Nothing of this was coincidental. Just as the concept of apostolic succession is used within the church to designate the series of consecrated bishops that are believed to go back to the apostles by a continuous succession, it is also possible to talk about an astronomical succession when it comes to the connection between Tycho Brahe and the Round Tower.

When Tycho Brahe went to Prague to work for Emperor Rudolf II he was accompanied by his assistant Christen Sørensen Longomontanus (1562-1647), who is considered to have been Brahe’s most loyal, most trusted and dearest employee. It is he, who constitutes the link for after Brahe had passed away Longomontanus returned to Denmark where he became the country’s first professor of astronomy in 1621, and during the time when the Round Tower was built he made suggestions for how to construct the Observatory. According to him it should have five small buildings that were recessed below the platform – precisely like the organisation of the underground observatory Stjerneborg, which, at that time, had long since been demolished.

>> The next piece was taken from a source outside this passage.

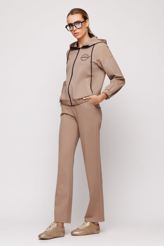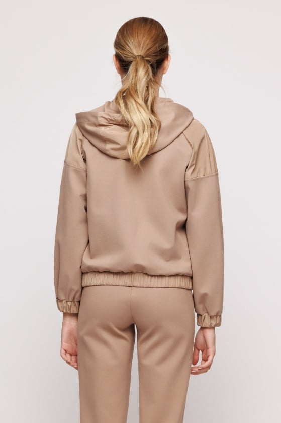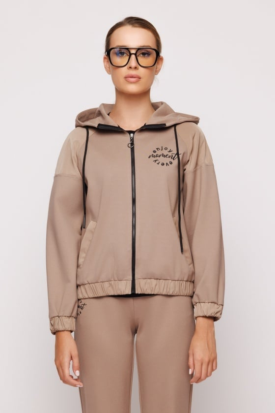 Hanorac lejer din tesatura tricotata uni combinata cu fas, cu gluga reglabila cu siret in contrast, buzunare si broderie pe piept. Se incheie in fata cu fermoar. Broderia este realizata in atelierul Mizar.

Cast of Tycho Brahe's skull in the Round Tower's collection
Cast of Tycho Brahe's skull in the Round Tower's collection.

Cast of Funeral Monument

Still, the name Stjerneborg continued to live on and is even believed to have been the official name of the Observatory at the Round Tower for a period of time. Tycho Brahe’s great celestial globe also continued to live on. It had first been located on Hven, then it was taken to Prague, and during the Thirty Years’ War it was found in a Jesuit College by one of King Christian IV’s sons, whereafter it took a few detours before it ended up at the Round Tower. Here, it stood in a room that was named after Tycho Brahe until it went up in flames during the fire of Copenhagen in 1728.

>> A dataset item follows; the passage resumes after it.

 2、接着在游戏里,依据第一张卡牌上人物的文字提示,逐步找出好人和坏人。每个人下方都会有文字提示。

It has since been replaced by several other items associated with Tycho Brahe. When an astronomical-historical collection was established in the Round Tower in the 1920s, a key area of focus was “Memories of Tycho Brahe and his work”, as its initiator phrased it. The collection, which is no longer publicly available, thus includes everything from models of Tycho Brahe’s instruments to a cast of his funeral monument in Prague, his skull and a piece of Uraniborg’s foundation stone as well as a page with his personal signature.

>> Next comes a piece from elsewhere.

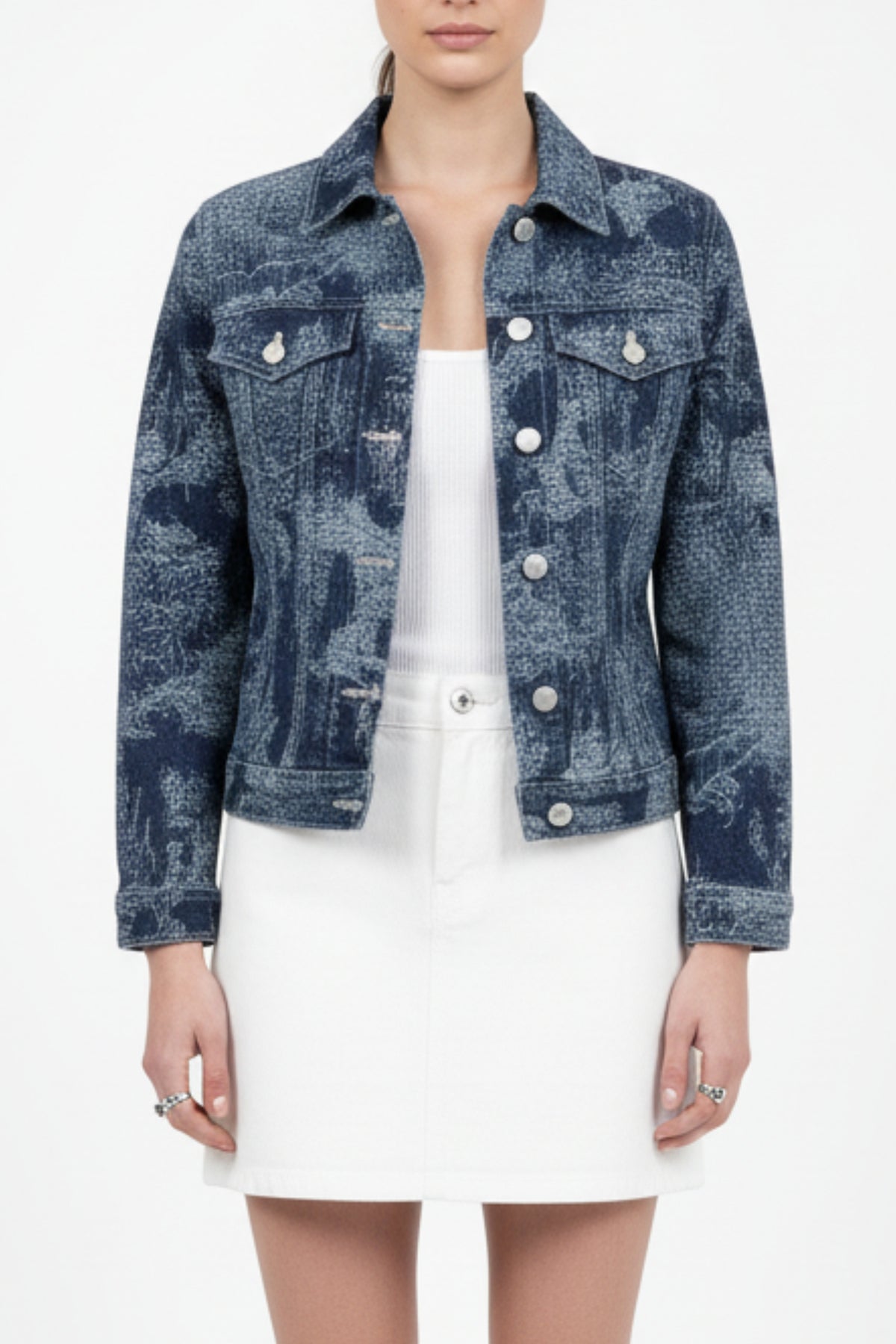 This Oversized Navy Blue Woven Denim Jacket features woven abstract patterns and pockets on both sides, with a flap on one pocket, white metal buttons along with a classic collar and white stitching details. A perfect mix of oversized comfort and creative design, this jacket makes a statement with every wear.

In 1932, a bust of Tycho Brahe was erected in his honour at the bottom of the Round Tower, made by the sculptor Siegfried Wagner (1874-1952) who is best known for his monument Lurblæserne (The Lur Players), which is located on the City Hall Square in Copenhagen. Thus, should anyone think the same as the travel writer John Carr, that Tycho Brahe surely did ascend the Round Tower, they really cannot be blamed. The only round tower Tycho Brahe ascended though, was a medieval watchtower on the ramparts of Copenhagen, which the astronomer used as an observatory when staying in the city. But that is a different story.